● Work task: The task calls for the lines from the start of the entries below through the line with "日本气象厅表示,九州岛南部持", given again verbatim, with every picture dropped.
** Data extracts follows **
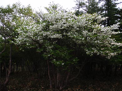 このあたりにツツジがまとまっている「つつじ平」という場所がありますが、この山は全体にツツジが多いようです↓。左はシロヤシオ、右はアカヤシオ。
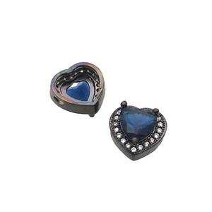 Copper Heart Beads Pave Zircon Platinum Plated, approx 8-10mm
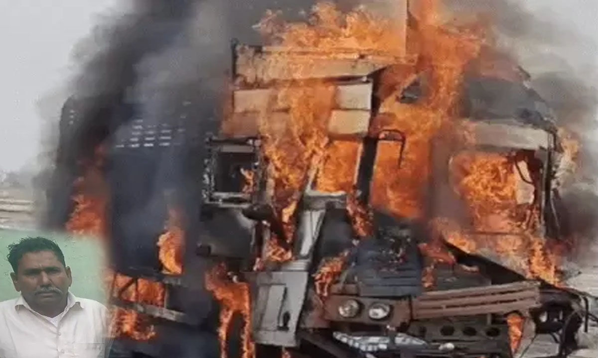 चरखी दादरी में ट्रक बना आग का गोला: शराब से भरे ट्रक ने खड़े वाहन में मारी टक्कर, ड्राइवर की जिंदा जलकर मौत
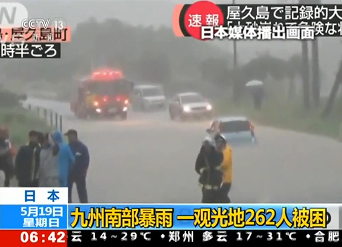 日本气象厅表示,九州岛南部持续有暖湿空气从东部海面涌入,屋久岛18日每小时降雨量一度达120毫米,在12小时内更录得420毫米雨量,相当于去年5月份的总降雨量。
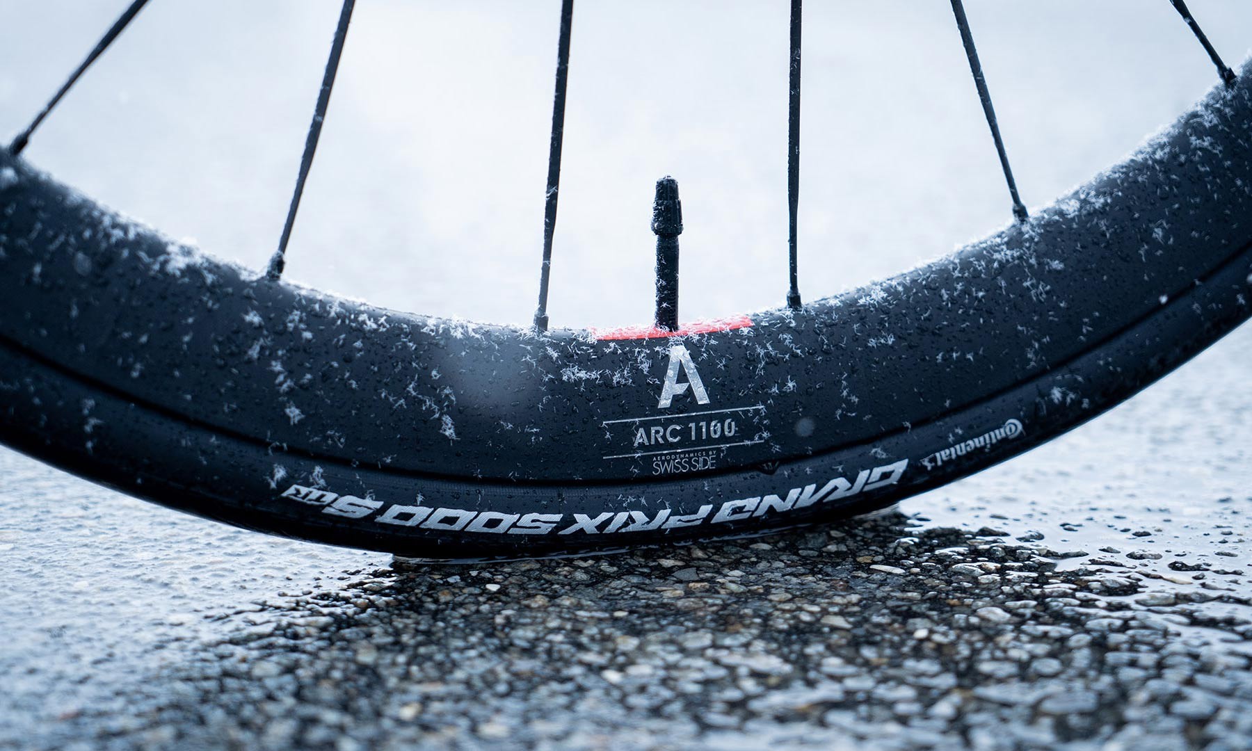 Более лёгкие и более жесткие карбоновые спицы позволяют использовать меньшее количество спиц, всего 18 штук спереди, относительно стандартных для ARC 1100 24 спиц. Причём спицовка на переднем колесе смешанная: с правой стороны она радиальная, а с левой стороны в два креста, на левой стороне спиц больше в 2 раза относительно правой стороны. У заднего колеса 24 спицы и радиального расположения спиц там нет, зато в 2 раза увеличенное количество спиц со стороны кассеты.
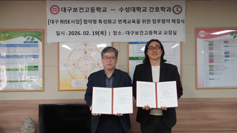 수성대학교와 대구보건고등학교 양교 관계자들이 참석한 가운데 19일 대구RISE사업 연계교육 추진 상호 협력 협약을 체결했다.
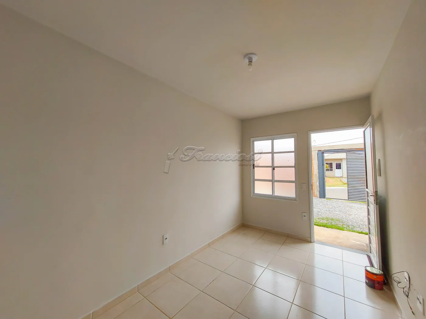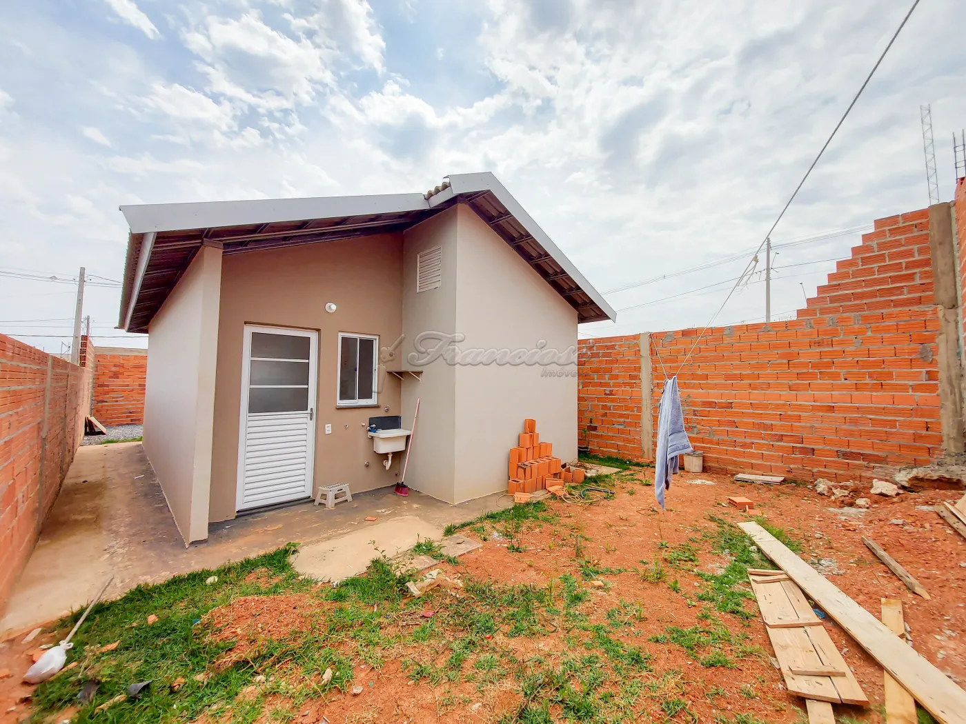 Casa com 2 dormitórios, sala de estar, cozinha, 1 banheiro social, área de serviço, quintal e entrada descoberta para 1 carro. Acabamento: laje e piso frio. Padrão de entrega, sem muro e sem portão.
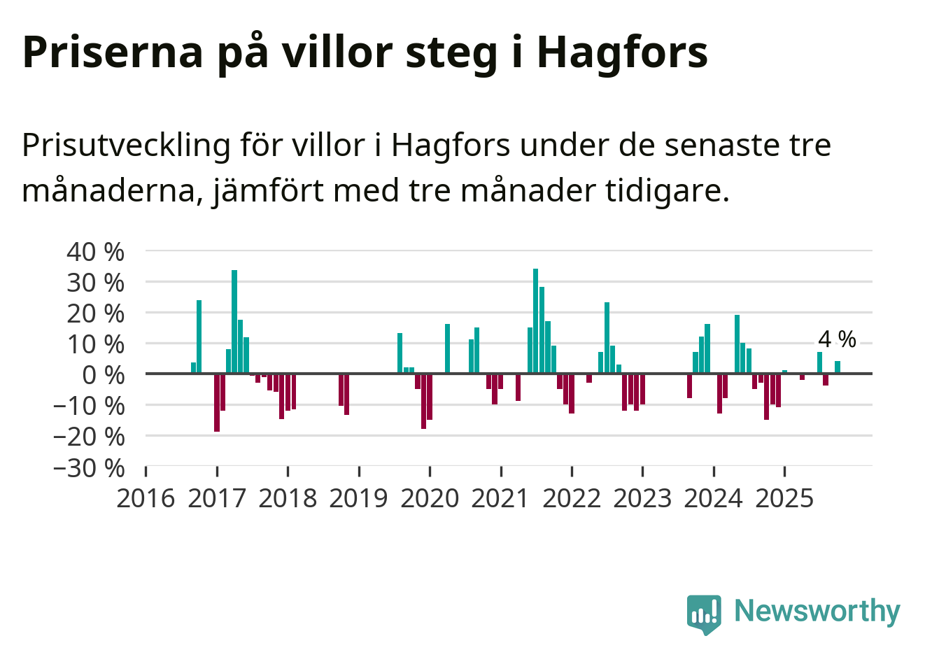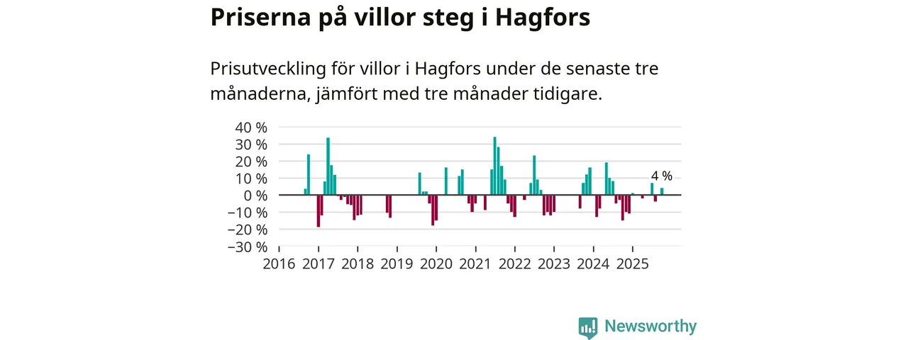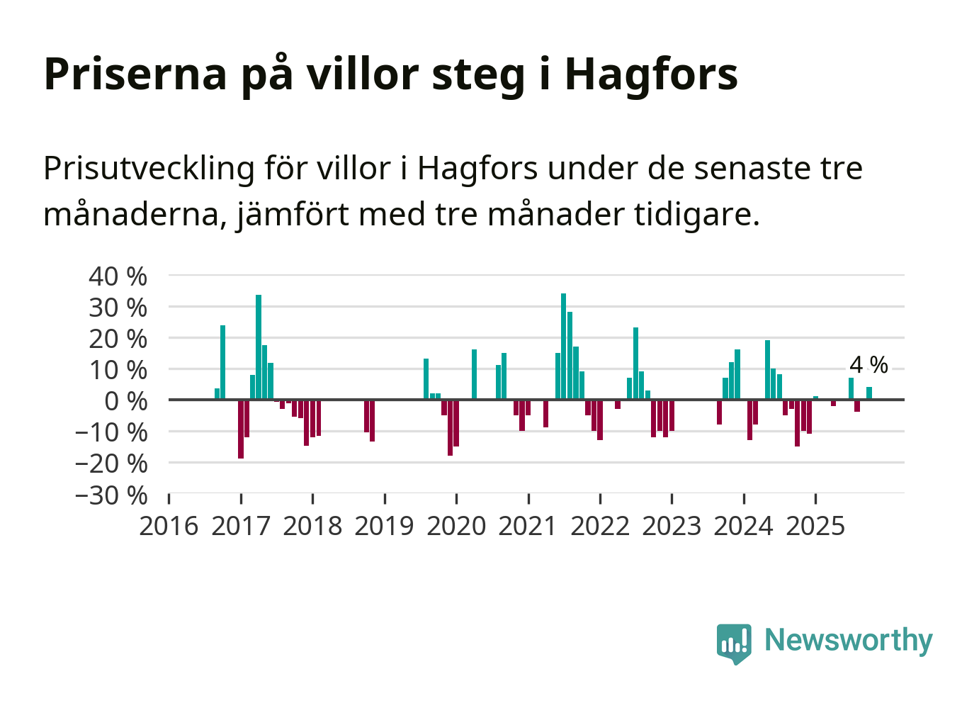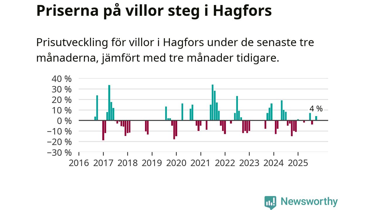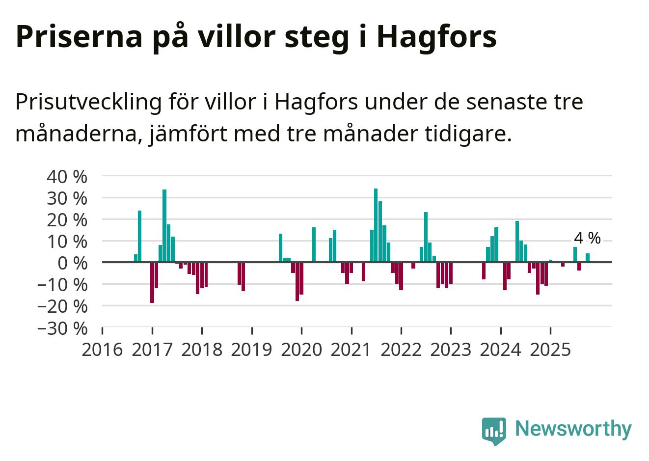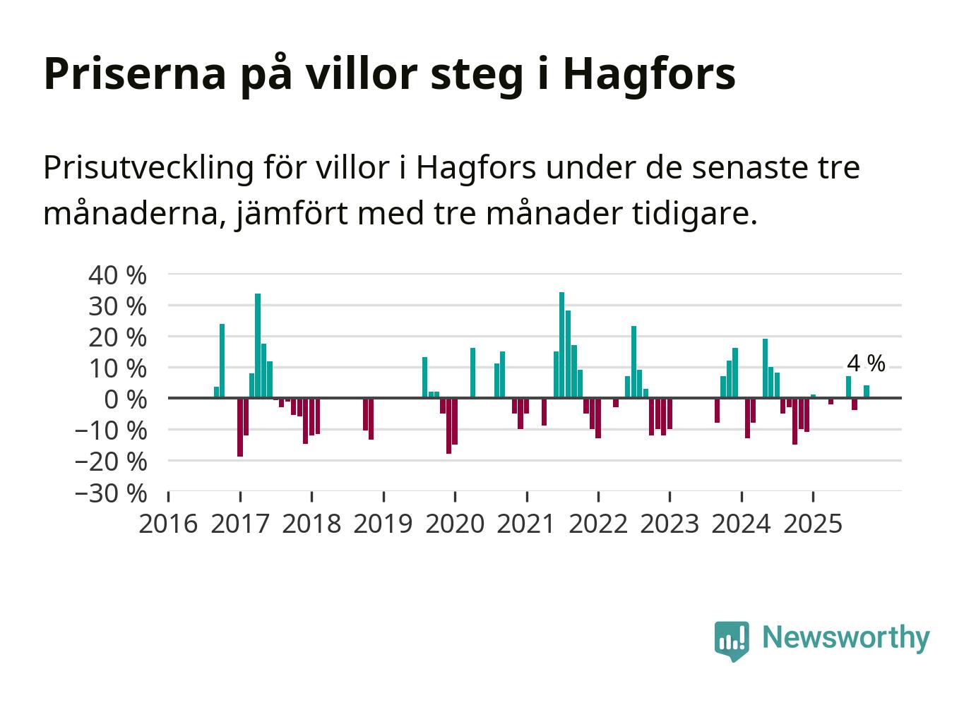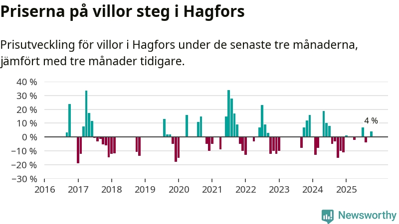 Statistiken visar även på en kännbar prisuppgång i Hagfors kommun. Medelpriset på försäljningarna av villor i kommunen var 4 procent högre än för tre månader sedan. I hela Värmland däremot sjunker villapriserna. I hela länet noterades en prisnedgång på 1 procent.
** End of Data extracts **
● Solution for this exercise:
 このあたりにツツジがまとまっている「つつじ平」という場所がありますが、この山は全体にツツジが多いようです↓。左はシロヤシオ、右はアカヤシオ。
 Copper Heart Beads Pave Zircon Platinum Plated, approx 8-10mm
 चरखी दादरी में ट्रक बना आग का गोला: शराब से भरे ट्रक ने खड़े वाहन में मारी टक्कर, ड्राइवर की जिंदा जलकर मौत
 日本气象厅表示,九州岛南部持续有暖湿空气从东部海面涌入,屋久岛18日每小时降雨量一度达120毫米,在12小时内更录得420毫米雨量,相当于去年5月份的总降雨量。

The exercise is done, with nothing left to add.